Data provided →
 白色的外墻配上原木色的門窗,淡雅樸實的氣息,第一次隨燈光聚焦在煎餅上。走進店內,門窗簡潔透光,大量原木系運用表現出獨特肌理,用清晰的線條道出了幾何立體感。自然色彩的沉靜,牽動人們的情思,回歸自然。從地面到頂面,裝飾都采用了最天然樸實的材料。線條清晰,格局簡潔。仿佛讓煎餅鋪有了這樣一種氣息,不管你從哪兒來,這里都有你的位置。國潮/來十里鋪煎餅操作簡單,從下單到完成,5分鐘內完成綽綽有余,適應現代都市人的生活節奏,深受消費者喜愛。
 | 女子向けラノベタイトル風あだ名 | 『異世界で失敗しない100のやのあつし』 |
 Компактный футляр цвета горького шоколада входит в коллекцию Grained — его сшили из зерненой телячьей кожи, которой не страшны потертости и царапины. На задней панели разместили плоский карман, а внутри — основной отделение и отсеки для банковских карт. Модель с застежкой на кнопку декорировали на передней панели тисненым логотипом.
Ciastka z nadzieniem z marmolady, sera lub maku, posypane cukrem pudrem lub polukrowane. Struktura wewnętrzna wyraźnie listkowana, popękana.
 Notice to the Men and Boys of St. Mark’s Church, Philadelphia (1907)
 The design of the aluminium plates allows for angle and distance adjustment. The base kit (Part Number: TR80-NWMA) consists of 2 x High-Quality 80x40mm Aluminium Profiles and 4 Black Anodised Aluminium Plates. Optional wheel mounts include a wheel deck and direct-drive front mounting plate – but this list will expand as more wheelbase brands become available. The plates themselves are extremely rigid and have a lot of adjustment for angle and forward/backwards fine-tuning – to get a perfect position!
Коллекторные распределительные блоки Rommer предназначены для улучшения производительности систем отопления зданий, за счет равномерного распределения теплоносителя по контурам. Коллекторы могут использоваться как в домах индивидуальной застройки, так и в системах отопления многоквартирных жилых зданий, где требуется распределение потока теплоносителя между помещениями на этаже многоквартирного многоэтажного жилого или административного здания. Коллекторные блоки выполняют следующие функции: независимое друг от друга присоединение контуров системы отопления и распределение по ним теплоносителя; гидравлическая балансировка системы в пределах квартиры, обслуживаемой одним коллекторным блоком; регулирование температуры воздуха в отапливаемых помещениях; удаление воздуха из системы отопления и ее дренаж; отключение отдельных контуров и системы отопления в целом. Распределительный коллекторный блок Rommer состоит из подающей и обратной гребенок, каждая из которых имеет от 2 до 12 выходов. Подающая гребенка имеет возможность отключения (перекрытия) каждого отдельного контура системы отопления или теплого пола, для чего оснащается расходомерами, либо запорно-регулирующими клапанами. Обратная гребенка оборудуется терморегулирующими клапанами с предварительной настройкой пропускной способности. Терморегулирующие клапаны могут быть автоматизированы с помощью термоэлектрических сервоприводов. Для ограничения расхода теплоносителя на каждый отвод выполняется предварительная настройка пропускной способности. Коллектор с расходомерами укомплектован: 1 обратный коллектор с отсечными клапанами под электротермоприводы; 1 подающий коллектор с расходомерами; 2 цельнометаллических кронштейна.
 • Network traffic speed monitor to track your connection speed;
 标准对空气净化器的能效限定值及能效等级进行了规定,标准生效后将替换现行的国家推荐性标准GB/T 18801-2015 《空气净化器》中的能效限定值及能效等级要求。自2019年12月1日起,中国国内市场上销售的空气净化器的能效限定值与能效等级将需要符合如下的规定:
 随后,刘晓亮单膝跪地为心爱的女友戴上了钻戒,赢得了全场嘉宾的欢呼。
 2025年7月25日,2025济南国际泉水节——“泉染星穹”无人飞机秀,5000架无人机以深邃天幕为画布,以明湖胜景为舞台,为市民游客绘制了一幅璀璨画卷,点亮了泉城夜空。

What you will do →
The answer is the run of lines above from the line containing "女子向けラノベタイトル風あだ名 | 『異世界で失敗しない100のやのあつし』 |" through the line containing "Ciastka z nadzieniem", copied exactly and alone.

Exercise response →
 | 女子向けラノベタイトル風あだ名 | 『異世界で失敗しない100のやのあつし』 |
 Компактный футляр цвета горького шоколада входит в коллекцию Grained — его сшили из зерненой телячьей кожи, которой не страшны потертости и царапины. На задней панели разместили плоский карман, а внутри — основной отделение и отсеки для банковских карт. Модель с застежкой на кнопку декорировали на передней панели тисненым логотипом.
Ciastka z nadzieniem z marmolady, sera lub maku, posypane cukrem pudrem lub polukrowane. Struktura wewnętrzna wyraźnie listkowana, popękana.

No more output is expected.